Kishio Suga

Overview
Mendes Wood DM Brussels is pleased to present Kishio Suga’s first solo exhibition in Belgium. 

Kishio Suga is one of Japan’s most celebrated artists, whose diverse and influential practice spans site-specific installation, assemblage, and performance. 

His career began in 1968, when he started making ephemeral installations out of natural and industrial materials such as wood, metal, wire, and concrete. He quickly gained recognition for works such as Parallel Strata (1969), a rectangular enclosure constructed out of slabs of paraffin wax. By introducing an incongruous yet defined structure of raw material into the gallery space, he sought to reveal the reality of mono (things/materials), and the jōkyō (situation) that holds them together. With these installations and influential essays such as The Start of Disappearance: As Things Deny Things (1969) and Existence Beyond Condition (1970), Suga was identified as a key theorist within a loose group of like-minded artists that later came to be known as Mono-ha ( School of Things). Though short-lived, this movement was a major turning point in postwar Japanese art history, echoing the concurrent development of Land Art, Arte Povera, and Supports/Surfaces in the United States and Europe, yet rooted in a specifically Japanese intellectual and cultural context.

On the floor in the center of this exhibition is Placement of Stone Entities (1982/2017), an indeterminate arrangement of stone slabs linked by folded strips of black paper.
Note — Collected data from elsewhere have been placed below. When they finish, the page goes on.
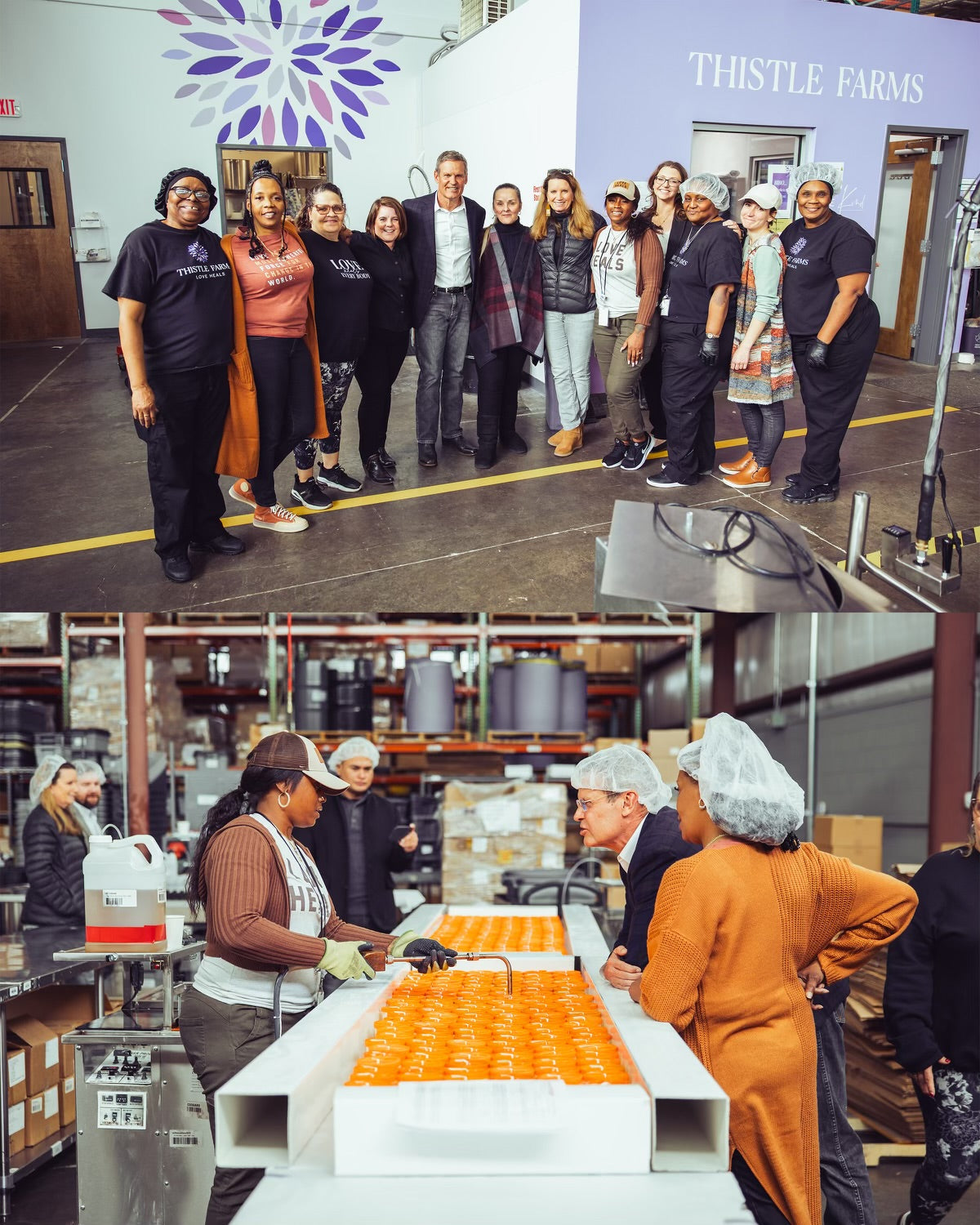 In 2023, Thistle Farms partnered with the office of Tennessee Secretary of State Tre Hargett to launch the Tennessee Businesses Against Trafficking program (TBAT). TBAT aims to empower businesses in the battle against human trafficking by providing training and educational opportunities with the goal of fostering awareness and recognition throughout the state. Learn more about the program and enroll your business for the free training.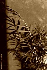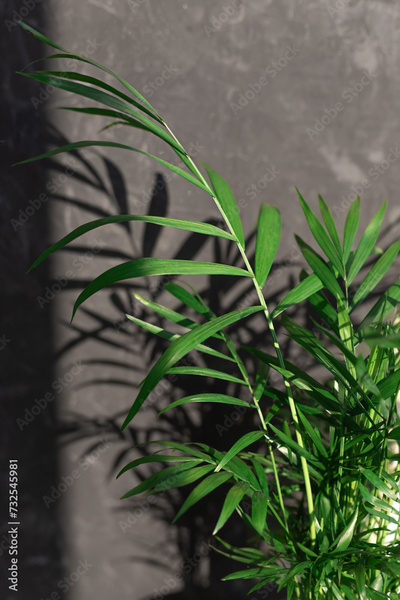 Chamaedorea or Areca palm plant leaves on the black concrete texture background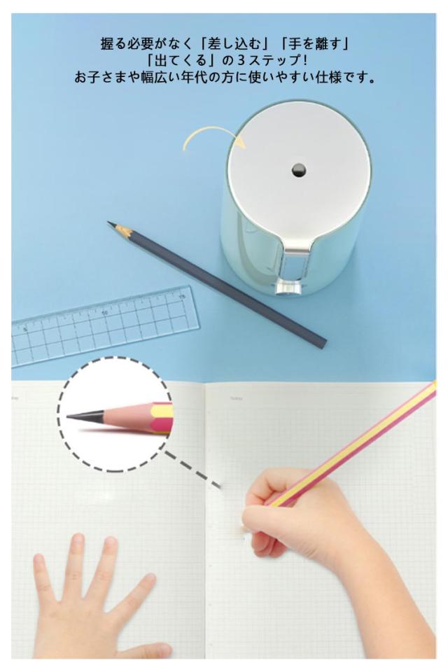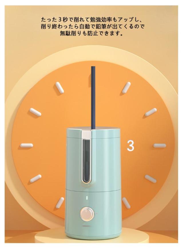 | 安全!速い!安定! 3秒で鉛筆削り! 手で握る必要がない! 全自動充電式鉛筆削り 太さ5段階調整 【商品説明】 ・完全自動!差し込むだけで削れる全自動鉛筆削りです。 ・握る必要がなく「差し込む」「手を離す」「出てくる」の3ステップ!お子さまや幅広い年代の方に使いやすい仕様です。 ・たった3秒で削れて勉強効率もアップし、削り終わったら自動で鉛筆が出てくるので無駄削りも防止できます。 ・USB充電式で、一度充電すればコードレスでリビングや好きな場所で使用いただけます。 ・芯の太さは5段階調整が可能です。三角形や円形、色鉛筆など市販の鉛筆全般に対応しており、鉛筆勉強や作画など幅広い用途にお使いいただけます。 ・カッター部分は合金スパイラル刃を使用しています。耐久性に優れており、パワフルかつ滑らかな削り心地が長続きします。 ・誤動作防止ロック、オーバーヒート防止など安全機能を搭載しており、お子さまの1人仕様も安心です。 ・可視のペン削りくず入れ:透明デザインで削りカスの量が一目瞭然、 溢れを防ぎます。ゴミ捨ての回数を大幅に減らせてラクラク。 ・自動芯抜き機能:折れ芯自動排出されるので、もっと安心。 ・カラーはパステルカラーからカラーまで、全5色展開です。 | |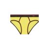 תחתוני בוקסר מכותנה מתיחה לגברים. הכריכה מוקפת בצנרת ניגודית, בעוד שחגורת המותן מתהדרת בתיקון ד רקום מחוט ממוחזר.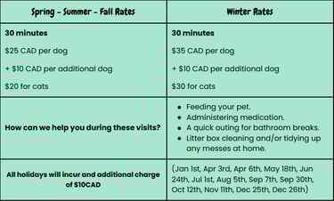 We feed your pet and take them out for bathroom breaks, administer their medication, or clean up any messes made at home.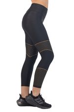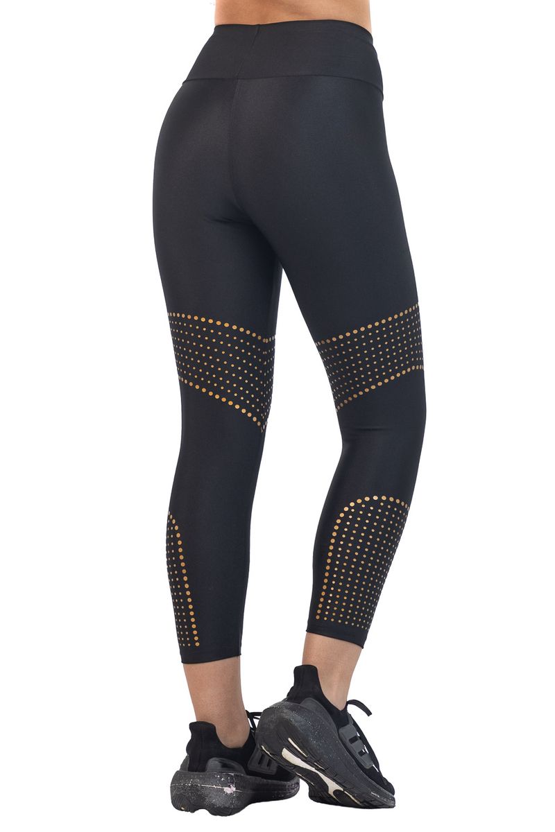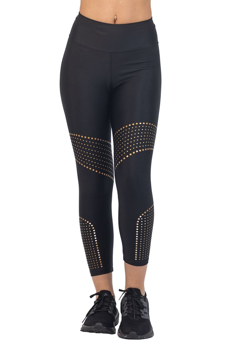 Calza tiro alto realizada en Lycra brillante, con cintura que da un efecto levante. Diseño único de estampa sectorizada en gold. Posee elastico en la cintura y costuras reforzadas.

This is the first time Suga has remade this work since its original inception at Tama Art University, Tokyo, in 1982. Typically he discards his installations at the close of each show and remakes them in accordance with the scale and character of a new site. In tandem with his installation practice, Suga has also made assemblages out of wood, metal, paint, mesh, stone, paper, and innumerable other materials. This exhibition provides a compact survey of this activity, ranging from small-scale reliefs made in the 1970s to his most recent large-scale constructions.